I love moocs! Right now I am a huge fan of Coursera, and am working through Stanford’s Design and Analysis of Algorithms (here). I have just completed Programming Qeustion #1, and it was one of those real “ah-ha” moments that was so fundamentally simple, I had to blog it! The question requires us to read in a list of integers (100, 000 of them), sort them and count the number of inversions required to sort it (i.e. the number of swaps it takes to get from the unsorted list, to the sorted list).

The process
Bubble sort is my algorithm of choice for creating a “mental picture” of the scenario. With the list (1, 3, 5, 2, 4, 6) as an example, I could think through bubble sort and get the number of inversions, which is 3. Great 🙂 It took me a bit longer to wrap my head around merge sort and how on earth I was going to implement this. Finally I realised that all of the inversions are exposed during the ‘merge’ stage of merge sort and I was away.

Testing the theory
I re-implemented merge-sort to include a counter function and tested it on 5 simple test cases:


(1, 3, 5, 2, 4, 6)        =>  3 inversions

(1, 3, 5, 7, 2, 4, 6)     =>  6 inversions

(1, 3, 2, 5, 4)           =>  2 inversions

(3, 1, 2, 5, 4)           =>  3 inversions

(7, 3, 1, 2, 5, 4, 6)     =>  9 inversions

All seemed good, so I ran it against the question input and submitted my result.

WRONG!

oh-no? For the life of me, I couldn’t find out what happened. I spent an entire hour re-thinking my algorithm, re-thinking my counter function, re-assessing my key assumption: “that all inversions are exposed in the merge routine”, all with no success. I couldn’t figure out where I had gone wrong.

The Solution:
So, I started trawling through Coursera’s forums and found all sorts of things that had no bearing (e.g. issues with integer types, which isn’t an issue in Python) before I finally found someone who had the same issue…

with open("IntegerArray.txt") as f:
    input_integers = [i for i in f.readlines()]
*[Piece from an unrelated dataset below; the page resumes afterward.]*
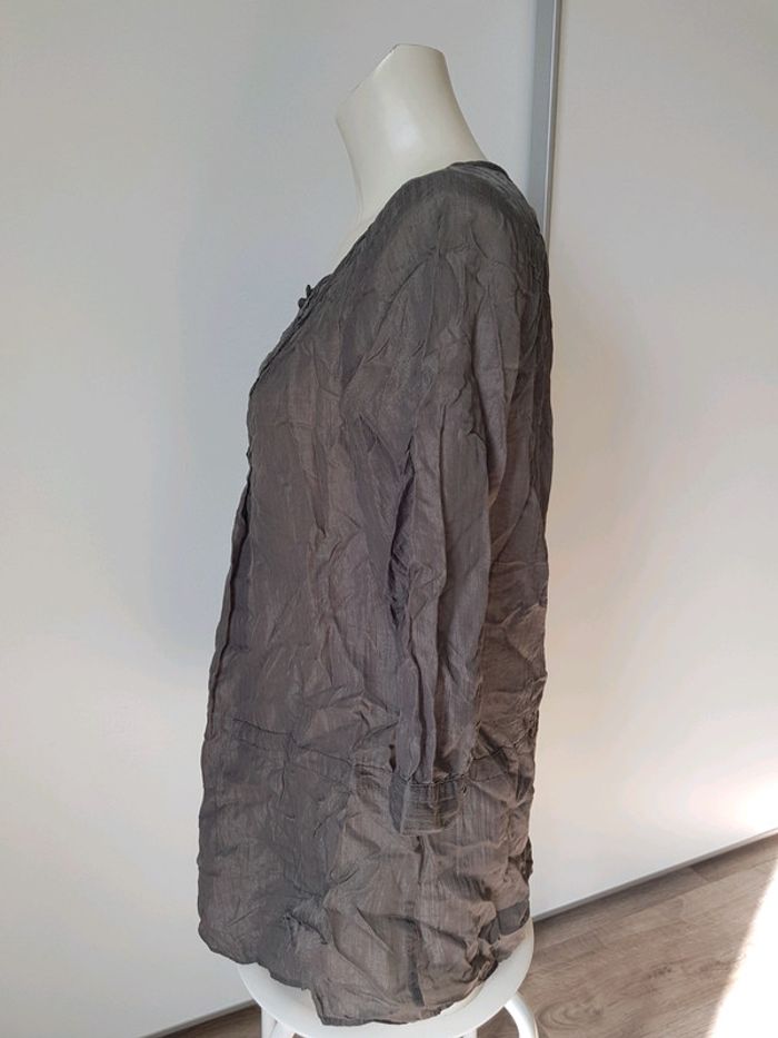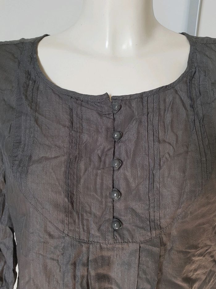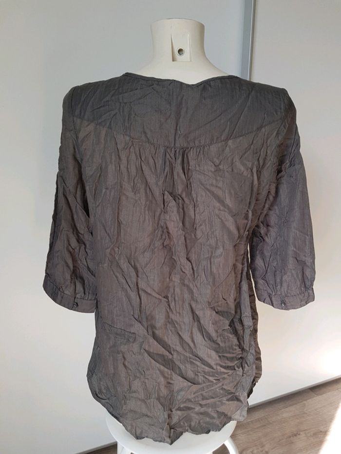 Blouse manches ¾ Marque : CAMAÏEU Couleur : kaki Taille : 44 État : bon état 54% polyamide ; 46% lyocell Tissu un peu brillant Petites bouloches sous les aisselles + très légères auréoles Retrait sur place ou envoi. #camaieu #camaieusev #blousesev #chemisesev #xxlsev #etesev

This was the issue, it was returning a list of 100, 000 STRINGS! Oops! So a simple change fixed it all:

with open("IntegerArray.txt") as f:
    input_integers = [int(i) for i in f.readlines()]
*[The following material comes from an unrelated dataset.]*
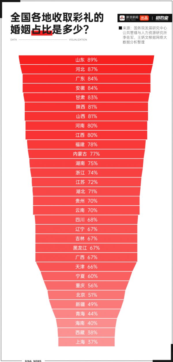 山东以89%的比例成为最流行收取彩礼的地区,河北、广东、安徽、甘肃等省收取彩礼占比也较高。上海占比37%,为全国最低,同为直辖市的天津、重庆和北京的比例分别为66%、56%和51%。新疆、青海、海南、西藏等偏远地区的比例也较低。

Such a simple solution, but an important one. I am working through a Haskell tutorial at the moment as well, and it is really interesting that the tutorial goes to great lengths to emphasise the importance of establishing your types in the very first design phase. If I had of stopped and looked at my types, I probably would have figured this out for myself, instead of boxing on with a silly error.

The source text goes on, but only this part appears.